TiMER

A couple months ago I watched a movie called TiMER.  It's a science-fiction romantic-comedy in which there's a little device people can get attached to their wrist that counts down to when they'll meet their soul mate.  When they get it installed, the timer will show X-years:X-months:X-days until they are to meet their match.  On the day you're to meet your soul mate, it notifies you and then when you meet them it alerts you.  Interesting, huh?


As I was watching this movie, I kept thinking what a grand, dangerous, wonderful, powerful, useful tool this timer is.  Wouldn't it be great?  No longer would we have to have to date around and waste our time on petty relationships.  We could skip heartbreaks and break-ups.  The waiting we do for Mr./Mrs. Right wouldn't be seemingly in vain because we'd know that in just 1.5 years or a few more months we'd meet the one.  It'd save us a lot of time.

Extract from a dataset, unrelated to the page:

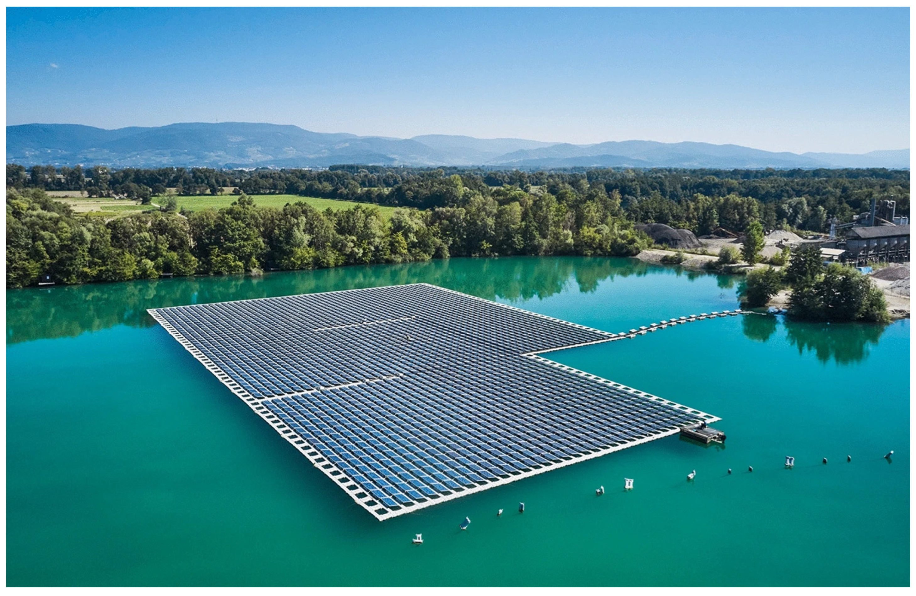 - Nobre, R.L.G.; Vagnon, C.; Boulêtreau, S.; Colas, F.; Azémar, F.; Tudesque, L.; Parthuisot, N.; Millet, P.; Cucherousset, J. Floating Photovoltaics Strongly Reduce Water Temperature: A Whole-Lake Experiment. J. Environ. Manage. 2025, 375, 124230. [Google Scholar] [CrossRef]

But would I get that timer?  Some days I say 'yes', others I say 'no'.  Some days I just want certainty as to whether I am getting married, because now the verdict is still out on that one (not because I'm 24 and unmarried but because I don't believe there's a guarantee of anyone getting married/having a partner).  If I were to get a timer, I would at least know 'ya' or 'nay' to me ever getting married and wouldn't have to live with that question.

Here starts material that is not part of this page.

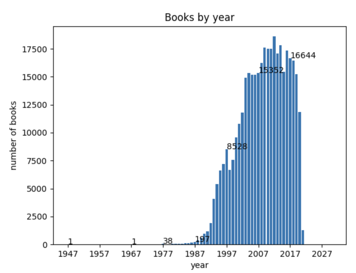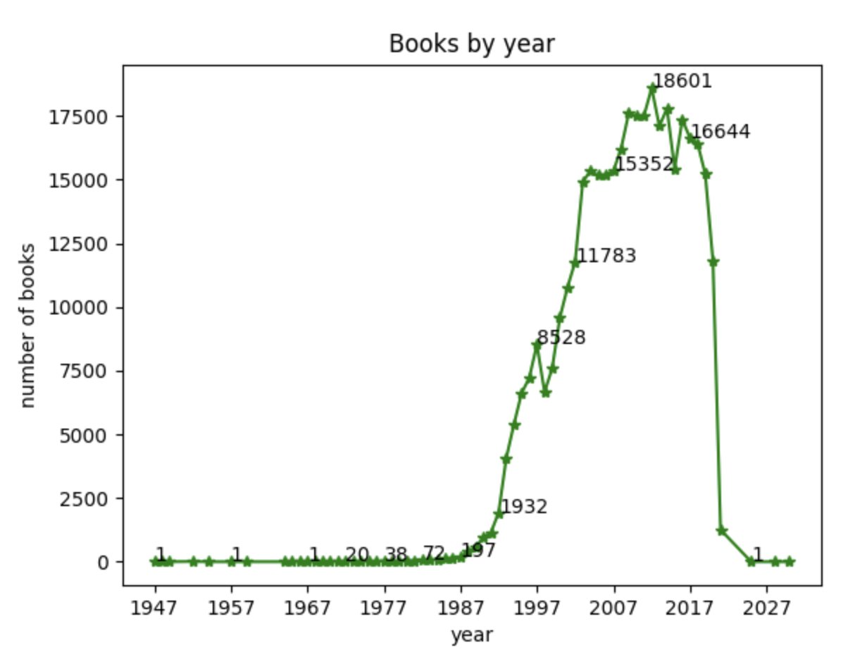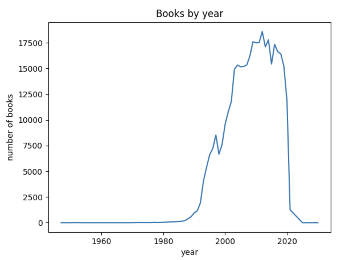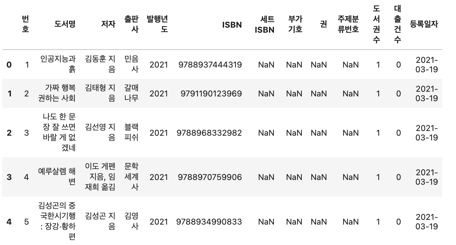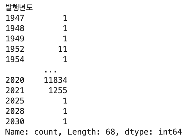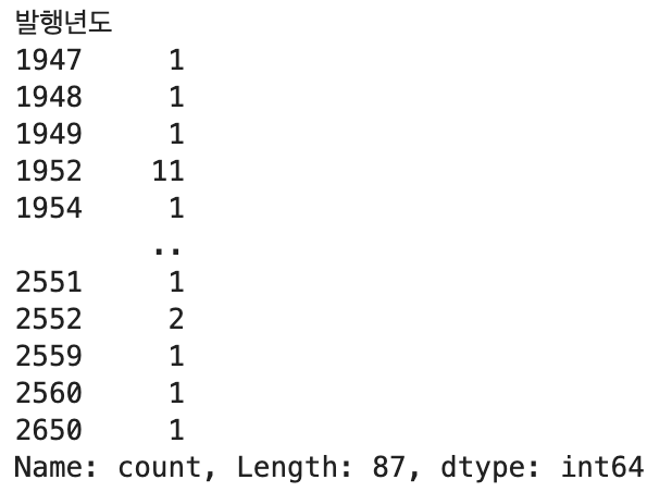 출력결과를 봤더니, 앞으로 발행예정일 도서들이 대출이 되었다고 나온다. 즉, 잘못된 데이터가 있다는 소리다. 하여 해당 데이터를 제거하기 위해 발행년도(index)가 2030년 이하인 데이터만 추려보자.

But for the days I say 'no' to the (pretend) option of getting a timer, I'm probably stronger.  On those days, I would be living life!  I wouldn't be waiting around watching my wrist, counting down to when Mr. Right comes into my life.  I wouldn't become a lady in waiting: just sitting pretty waiting for him to come before I start living.  What kind of existence is that?!  This is 2012, women can exist and live fully without men overseeing.  On days when I say 'no' to the timer, I'm realizing how blessed I am to have such fantastic people surrounding me, and how blessed I am to have nothing, no husband, no kids, no mortgage, to keep me here.  I could up and move to another country without worry about if my husband can find a job.  This kind of freedom is priceless and I want to bask in it as much as possible.

While the idea of a countdown timer is understandably grand, I think it takes all our faith away.  It answers too many questions for us, it takes away our freewill; our freewill to live life with adventure and wonder.  Wonder that comes when we've grown and improved on our own accord instead of the extrinsic pressure of preparing for one's mate.  Not having a timer gives us the opportunity to live as if each of our lives is important, with or without a companion.